WHAT THIS TASK INVOLVES: Stop after the line that contains "GB_D10G1774, 和 GB_A13G1872;圖5,b)". Until then, retype each line of the entries exactly from the first one, skipping pictures.

RECORDS TO PROCESS:
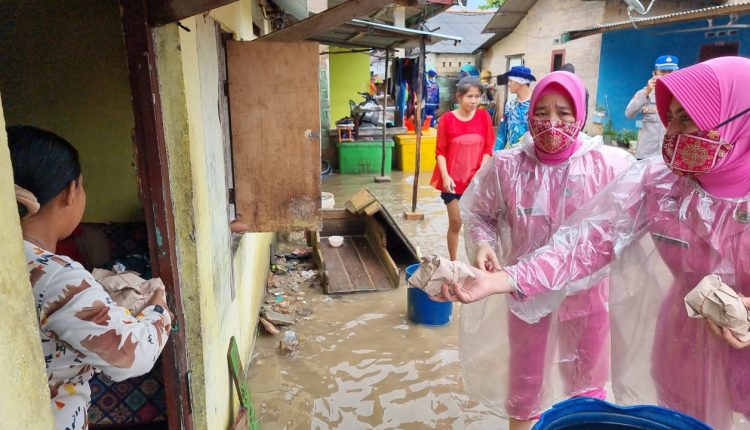 Kapolres Bangka Barat Dan Bhayangkari Bagikan Nasi Bungkus Kepada Korban Banjir
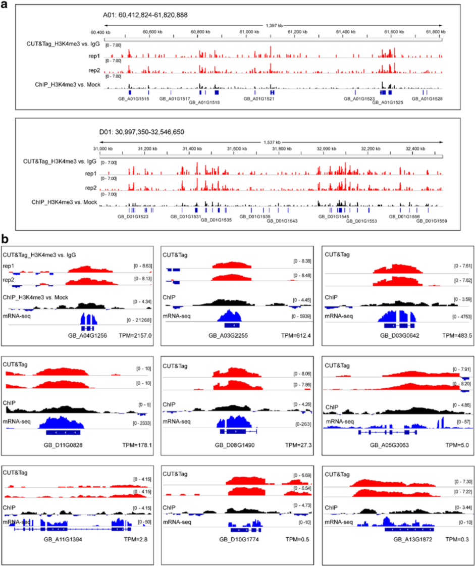 與熱圖顯示的強度一致,IGV截圖表明CUT&Tag信號在分辨率和靈敏度上的表現優于ChIP(圖5,a),尤其在表達量相對低的基因中表現尤為明顯(如GB_A11G1394, GB_D10G1774, 和 GB_A13G1872;圖5,b)
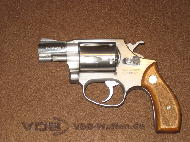 Erma Werke Modell ER 440 in Stainless Steel, Lauflänge 2 Zoll, im Kaliber .38 Spezial (5 Schuss). Der Revolver ist im Bestzustand / neuwertig mit org. Verpackung und org. Zubehör. Der Lauf ist spiegelblank. Kaum geschossen, sehr geringe Toleranzen, eine seltene Waffe in perfekter Verarbeitung.
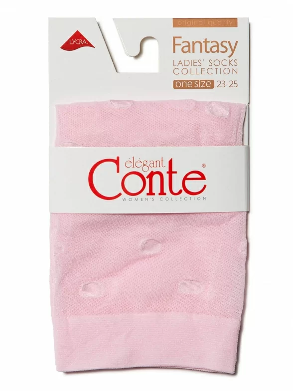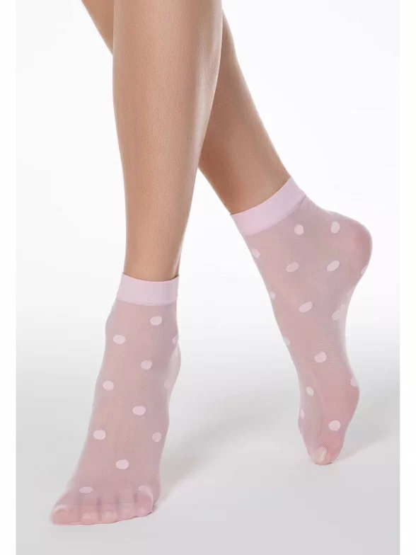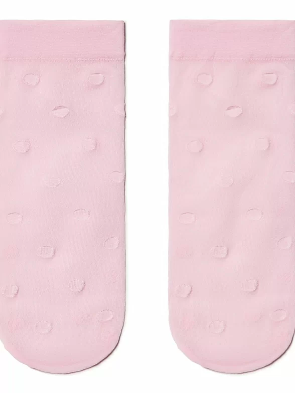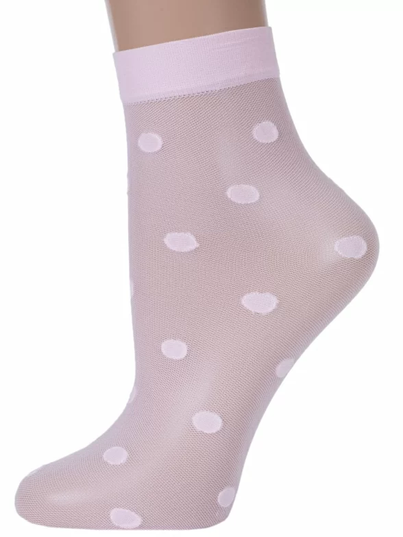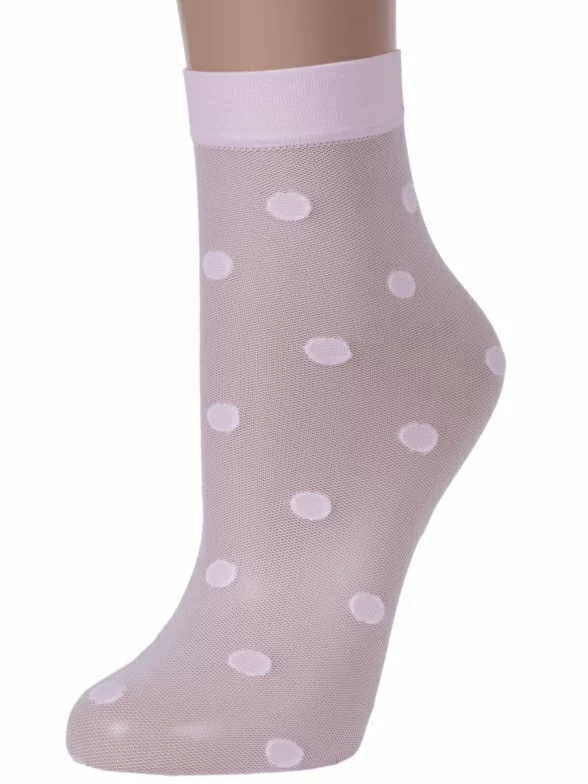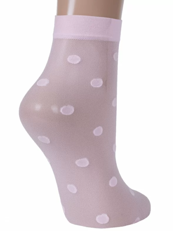 Капроновые тонкие носки с узором в крупный горох подойдут для летней открытой или закрытой обуви. Изготовлены из синтетических нитей на фабрике в Беларуси. Модель укороченной длины плотностью 20 den без отдельной вывязанной пятки с плоским швом на мыске.
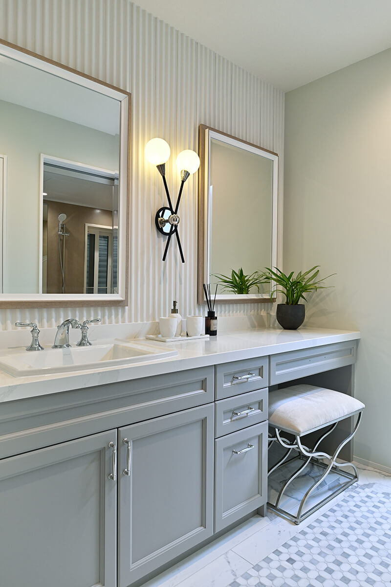 シックなグレートーンが異なる空間を優しくつなぎます。
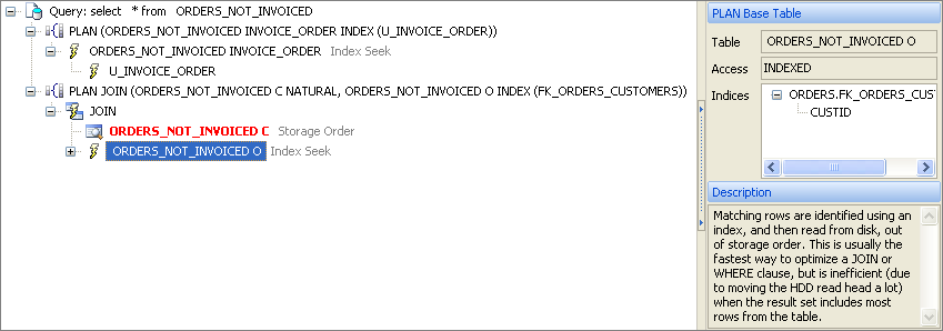 Database Workbench displays the plan analysis for you in a tree if possible, if not possible, in a list as returned by the DBMS.
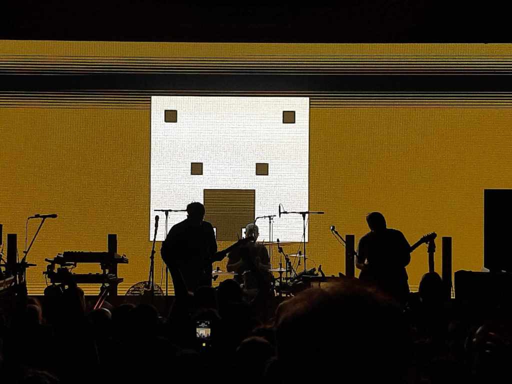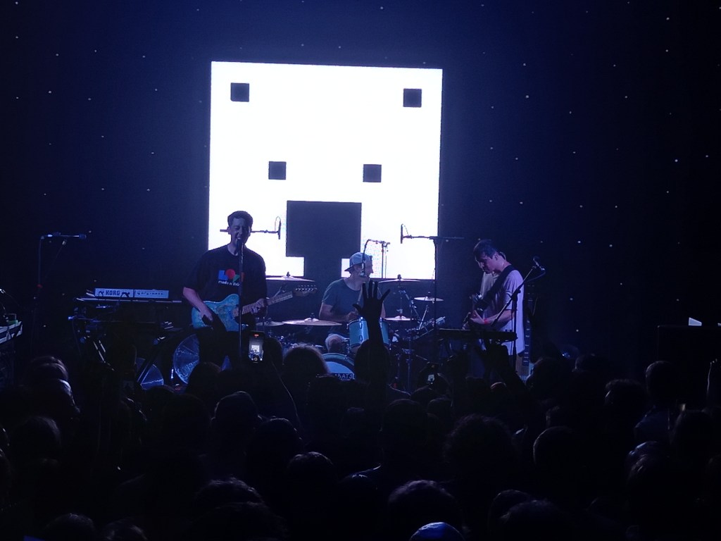 The lower section of the Arts Club Theatre never stopped bouncing as The Wombats progressed energetically through their prodigious back catalogue. Playing in front of a backdrop of 16-bit graphics depicting hearts, lemons, knives, and a rudimentary wombat consisting of of one large white square and six smaller black squares the band blazed through Lemon To A Knife Fight, Kill the Director, Pink Lemonade, and This Car Drives All by Itself.
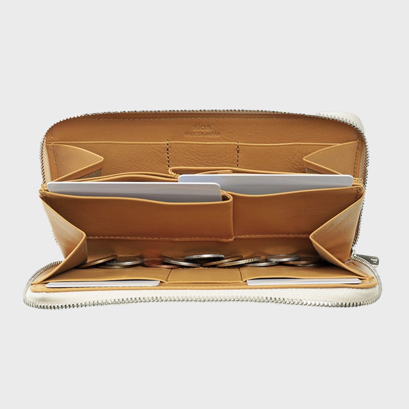 横幅は1万円札とほぼ同じ寸法ですが、仕切りとマチを縫い付けずに可動域を広げることで、出し入れのしやすさとコンパクトさを実現しています。
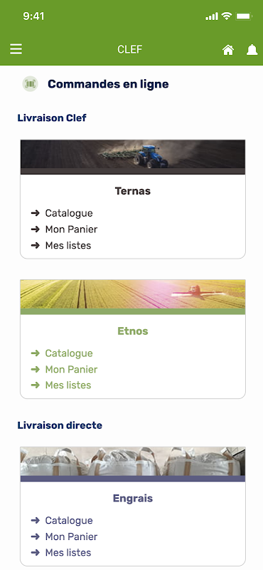 The mobile application of the Clef purchasing center, an agricultural trading network
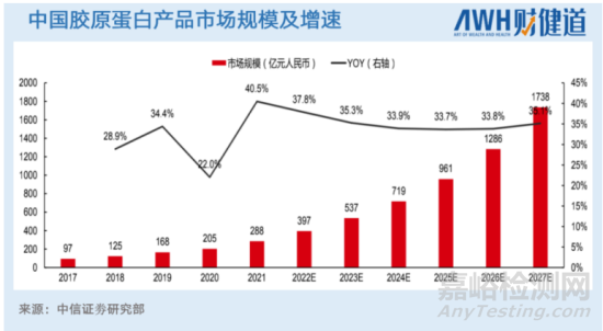 弗若斯特沙利文相關(guān)數(shù)據(jù)顯示,我國膠原蛋白產(chǎn)品市場零售額由2017年的97億元提升至2021年的288億元,年復(fù)合增速達(dá)到35%。
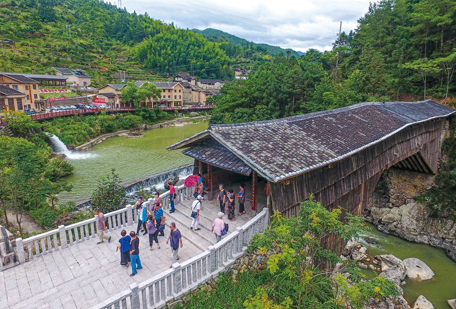游客在下党乡下党村古廊桥“鸾峰桥”参观游览(2019年8月8日摄)。记者林善传摄
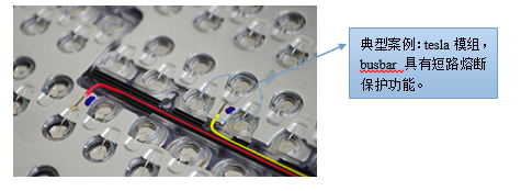 另外一種是電芯外部增加fuse的設(shè)計方案,比如在模組的busbar上設(shè)計薄弱的過流界面。模組短路時,busbar會熔斷,從而起到短路斷開功能。這樣設(shè)計有一個優(yōu)點:短路斷開時,電芯不會有反向電壓。同樣的,在pack系統(tǒng)中,該反向電壓會比較高,busbar熔斷常伴隨著拉弧等安全問題。

RESULT OF THIS TASK:
 Kapolres Bangka Barat Dan Bhayangkari Bagikan Nasi Bungkus Kepada Korban Banjir
 與熱圖顯示的強度一致,IGV截圖表明CUT&Tag信號在分辨率和靈敏度上的表現優于ChIP(圖5,a),尤其在表達量相對低的基因中表現尤為明顯(如GB_A11G1394, GB_D10G1774, 和 GB_A13G1872;圖5,b)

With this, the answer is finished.